CircleCI ( www.circleci.com ) is a San Francisco based startup that helps development teams ship better code, faster, through a platform for hosted Continuous Integration and Deployment. This platform provides fast feedback loops that increase developers’ productivity to get new code to customers faster. CircleCI’s clients include Kickstarter, RedBull, and Shopify.
At a more granular level, CircleCI’s platform automatically and immediately tests and deploys code pushed to GitHub. “We have a very cloud-based application running on Amazon EC2,” stated David Lowe, a backend developer at CircleCI, “We have several dozen servers running. However, we scale them up and down very frequently.”

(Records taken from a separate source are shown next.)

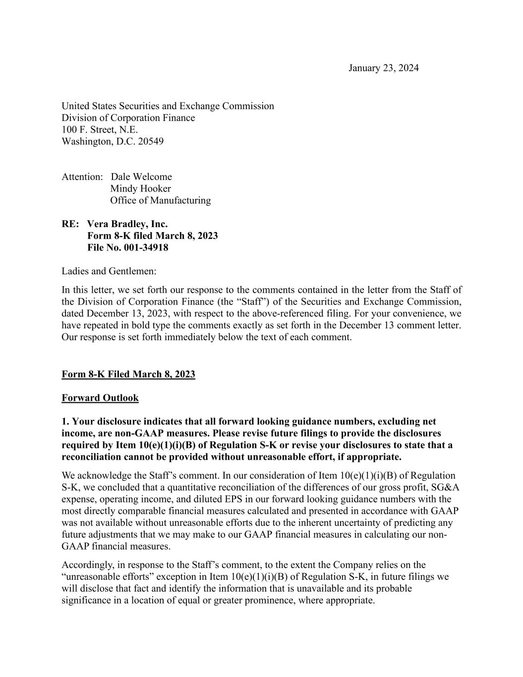 January 23, 2024 United States Securities and Exchange Commission Division of Corporation Finance 100 F. Street, N.E. Washington, D.C. 20549 Attention: Dale Welcome Mindy Hooker Office of Manufacturing RE: Vera Bradley, Inc. Form 8-K filed March 8, 2023 File No. 001-34918 Ladies and Gentlemen: In this letter, we set forth our response to the comments contained in the letter from the Staff of the Division of Corporation Finance (the “Staff”) of the Securities and Exchange Commission, dated December 13, 2023, with respect to the above-referenced filing. For your convenience, we have repeated in bold type the comments exactly as set forth in the December 13 comment letter. Our response is set forth immediately below the text of each comment. Form 8-K Filed March 8, 2023 Forward Outlook 1. Your disclosure indicates that all forward looking guidance numbers, excluding net income, are non-GAAP measures. Please revise future filings to provide the disclosures required by Item 10(e)(1)(i)(B) of Regulation S-K or revise your disclosures to state that a reconciliation cannot be provided without unreasonable effort, if appropriate. We acknowledge the Staff’s comment. In our consideration of Item 10(e)(1)(i)(B) of Regulation S-K, we concluded that a quantitative reconciliation of the differences of our gross profit, SG&A expense, operating income, and diluted EPS in our forward looking guidance numbers with the most directly comparable financial measures calculated and presented in accordance with GAAP was not available without unreasonable efforts due to the inherent uncertainty of predicting any future adjustments that we may make to our GAAP financial measures in calculating our non- GAAP financial measures. Accordingly, in response to the Staff’s comment, to the extent the Company relies on the “unreasonable efforts” exception in Item 10(e)(1)(i)(B) of Regulation S-K, in future filings we will disclose that fact and identify the information that is unavailable and its probable significance in a location of equal or greater prominence, where appropriate.
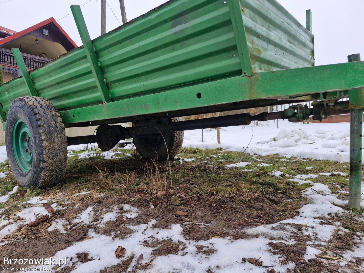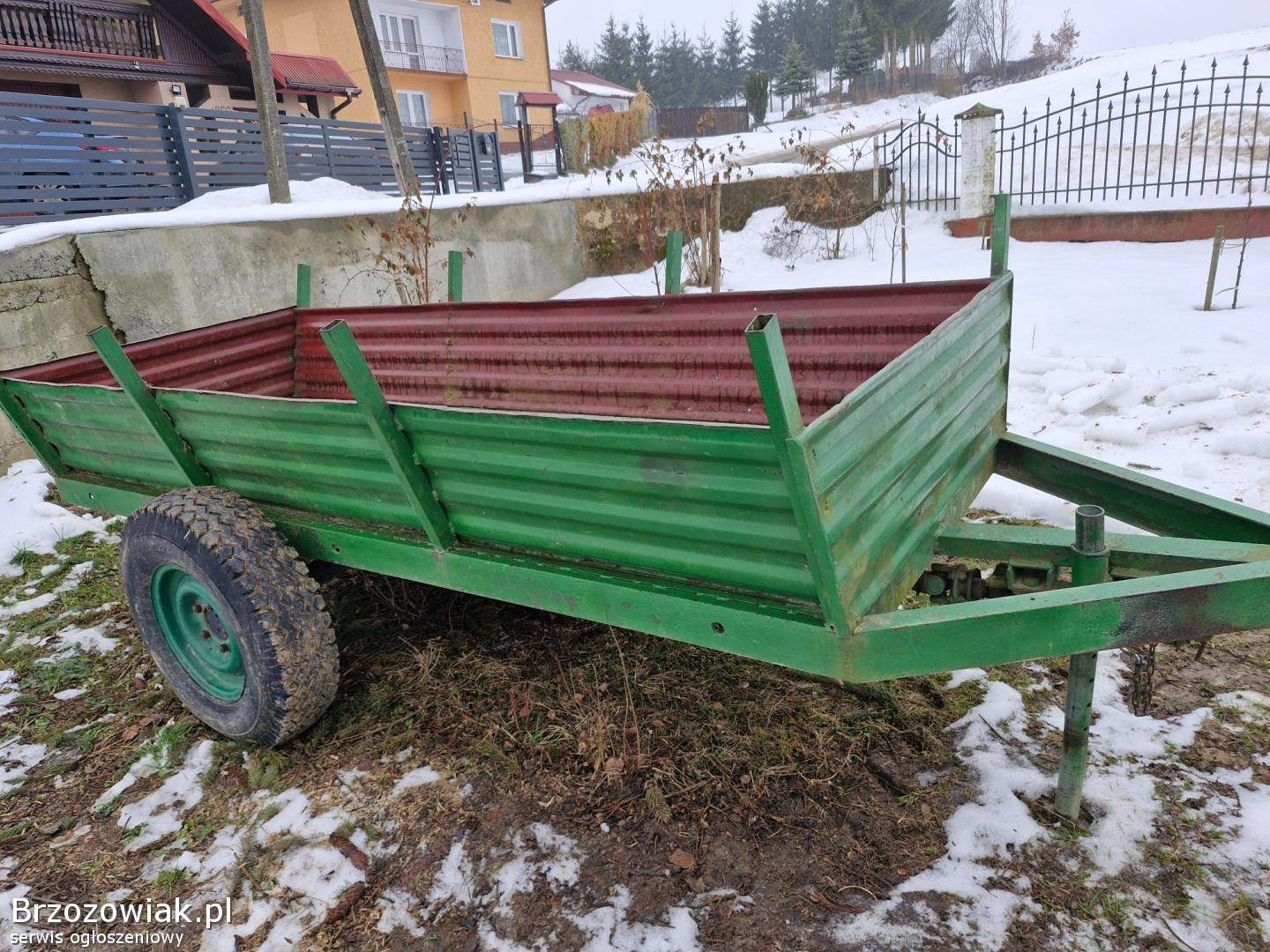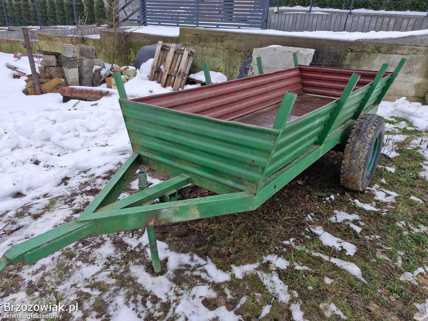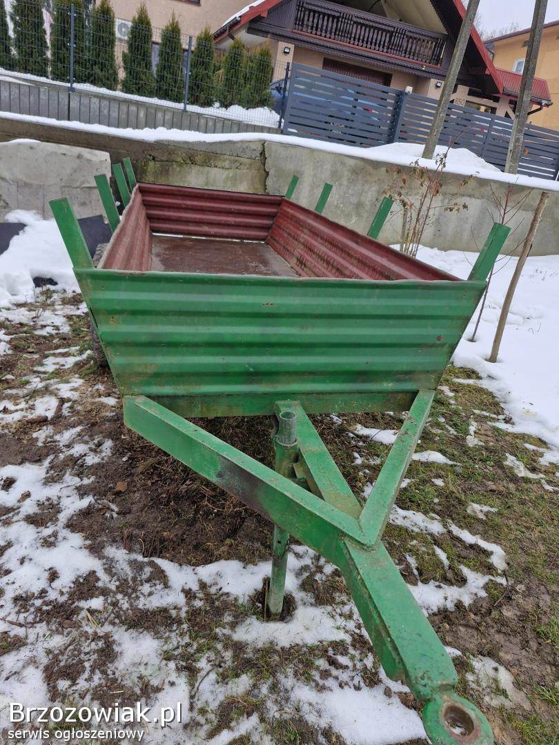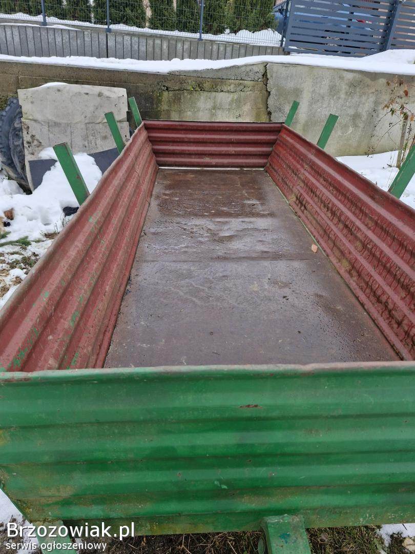 BrzozówDo sprzedania dwukołówka Długa 3, 15m. szeroka spod 1, 25m. szeroka u góry 1, 4m. Burta wys. 40cm. Oś z kołami szeroka 1, 75m Rama 100-tka. Koła wysokość 0,
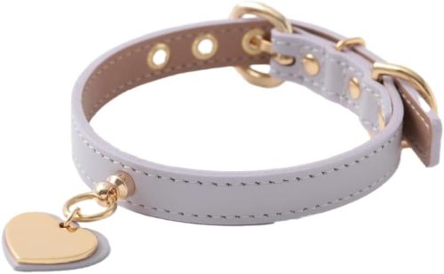 揺れるメタルチャームとハート型レザーチャームがおしゃれなアクセントに。愛犬の毛色に合わせて選べるカラー展開も魅力です。トイプードルやチワワなど小型犬にぴったりなモデルで、同素材のレザーリードと組み合わせて使用できます。
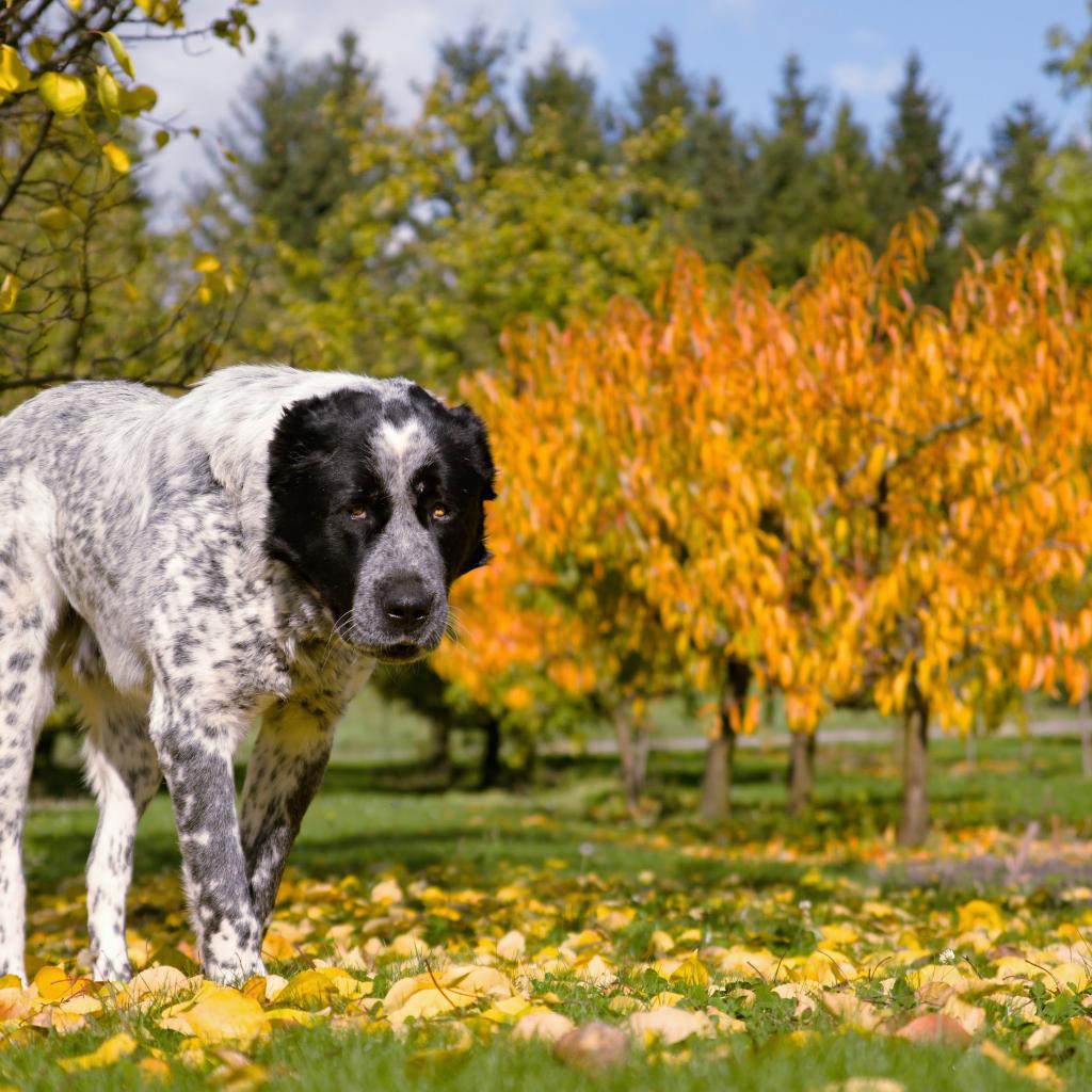 Обои Большой алабай идет по парку осенью
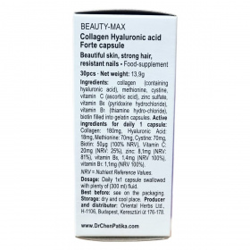 A kollagén és a hialuronsav a bőr fontos szerkezeti felépítői lehetnek. A C-vitamin hozzájárulhat a megfelelő kollagénképződéshez, amely elősegítheti a bőr normál állapotának fenntartását. A cink és a biotin hozzájárulhat a bőr és a haj egészséges állapotának támogatásához, emellett a cink részt vehet a köröm normál állapotának megőrzésében, és szerepet játszhat a sejtosztódásban valamint az A-vitamin anyagcseréjében. A B1- és B6-vitamin hozzájárulhat az idegrendszer megfelelő működéséhez. A kéntartalmú aminosavak, a metionin és a cisztin a fehérjék építőkövei lehetnek. A termék megbízható minőségben, helyes gyártási gyakorlat szerint készül, hogy megfeleljen a minőségi előírásoknak, és már több mint 30 éve jelen van a fogyasztók bizalmában.

Due to the rapid scaling required for their application’s infrastructure, CircleCI was becoming increasingly frustrated with their existing monitoring solutions’ ability to judge the health and performance of their servers, databases and other IT components. When Lowe began at CircleCI, the team was using several monitoring tools that had been patched together. This required the CircleCI team to spend hours every week deciphering and cross-referencing the outputs of each tool to answer questions like: “How are our queries loading?,” “When the queries are slow, are they all slow?,” or “Is this specific event random?” These extra steps led Lowe to become concerned about how the team was using its time. Additionally, Lowe was unhappy with how CircleCI’s monitoring solution only stored metrics for two weeks. “We like to have the data long enough so if something weird happens we can see when it started, and that number always seems to be longer than two weeks ago,” stated Lowe. Boosting the length that CircleCI could store historical metrics could only be done by pulling the data out and storing it on a separate platform. This was unappealing since CircleCI was “trying to avoid building a monitoring solution ourselves.”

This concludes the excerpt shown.